L’un des constats de la chercheure concerne la capacité des PLP à mettre en œuvre des réformes même lorsqu’ils y sont opposés. Si ces réformes ont pu être appliquées, c’est en grande partie grâce à la capacité d’adaptation des enseignants. « Vous avez une faculté d’adaptation, une volonté de bien faire votre métier et de faire en sorte que cela fonctionne », souligne Fabienne Maillard. Elle l’analyse sur la forte éthique professionnelle des enseignants qui cherchent à faire fonctionner les dispositifs au bénéfice des élèves, même lorsqu’ils contestent les orientations retenues. Mais cette capacité d’adaptation a un coût avec le sentiment de ne pas être respectés qui génère fatigue professionnelle et difficulté à donner du sens à des changements permanents. « Les PLP absorbent les réformes même quand ils sont contre. »

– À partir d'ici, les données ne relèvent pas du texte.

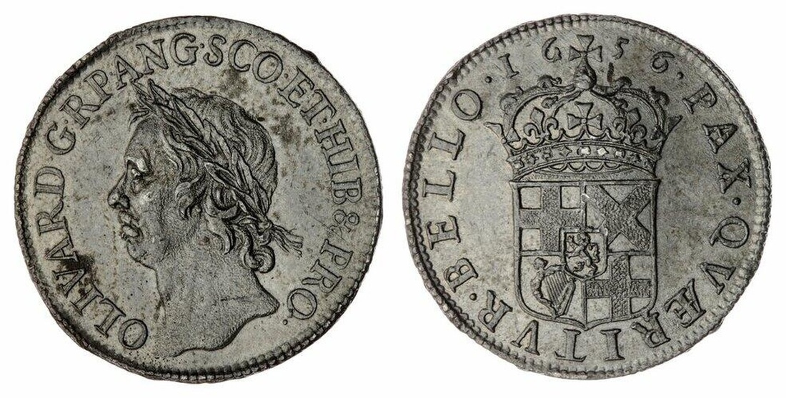 (x) Oliver Cromwell, A Cast or Trial of the Pattern Broad, 1656, in white metal or pewter, after Thomas Simon, laureate head left, rev. crowned shield, edge straight grained, 5.45g, 6h (Lessen A42 this coin; cf. Schneider 367; cf. WR 39; cf. S.3225), slight flan concavity with highly trace evidence of pest and the odd nick to rim, superficial marks in otherwise residually lustrous fields, approaching extremely fine, unusual and very rare
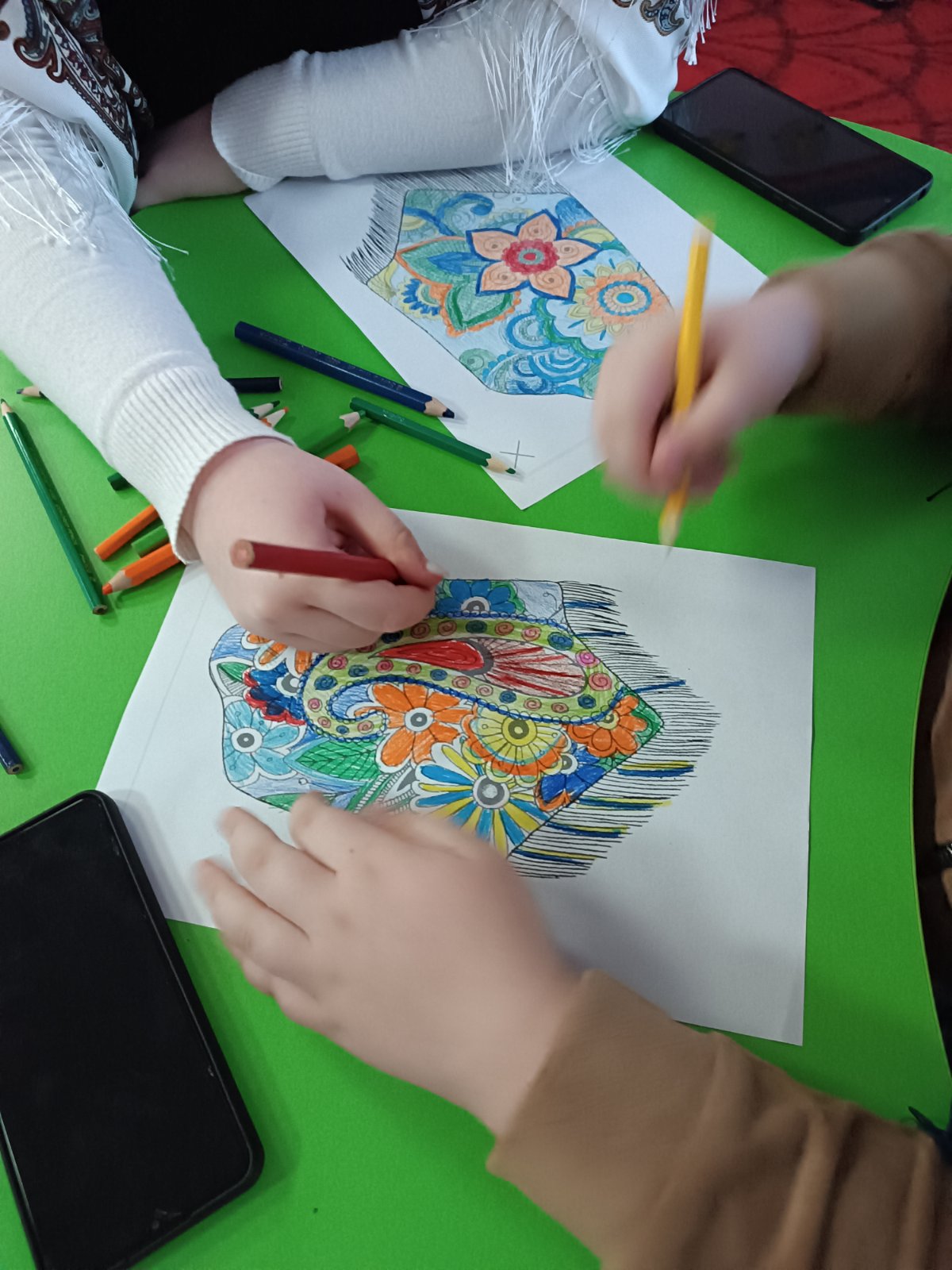 Дітям розповіли про давній національний аксесуар, який зберігає в собі старовинні традиції та є оберегом і важливим ритуальним предметом української культури. Учні власноруч розмалювали ескізи української сучасної хустки із використанням автентичних мотивів.

Valoriser les métiers avant de valoriser les filières
« On ne revalorisera pas la filière professionnelle si l’on ne valorise pas les métiers. » Pour Fabienne Maillard, les difficultés du lycée professionnel dépassent largement le cadre scolaire. Elle dénonce le décalage entre les discours de valorisation du lycée professionnel et la faible reconnaissance sociale des métiers auxquels il prépare. Elle souligne notamment que certains secteurs essentiels (aide à la personne, EHPAD, etc.) restent peu attractifs malgré leur importance sociale et malgré les discours sur l’automatisation ou l’intelligence artificielle.
Quel avenir pour les PLP ?
Depuis 2018, Fabienne Maillard observe une accélération des réformes, souvent conduites dans l’urgence, sans véritable concertation ni évaluation. « La durée de vie des ministres est courte » et « le changement est devenu la norme », constate-t-elle.
À ceux qui voient dans l’apprentissage l’avenir exclusif de la formation professionnelle, la chercheure oppose également une mise en garde. Son développement repose largement sur des financements publics et ne saurait remplacer à lui seul les lycées professionnels. « L’apprentissage ne vit pas sans subventions », rappelle-t-elle. Sa conclusion est prudente : « Alors quel avenir pour les PLP ? Je n’en sais rien. »
Une formule qui sonne moins comme un aveu d’impuissance que comme le constat d’une profession sommée depuis trop longtemps de s’adapter à des réformes dont elle ne maîtrise ni le rythme ni la direction.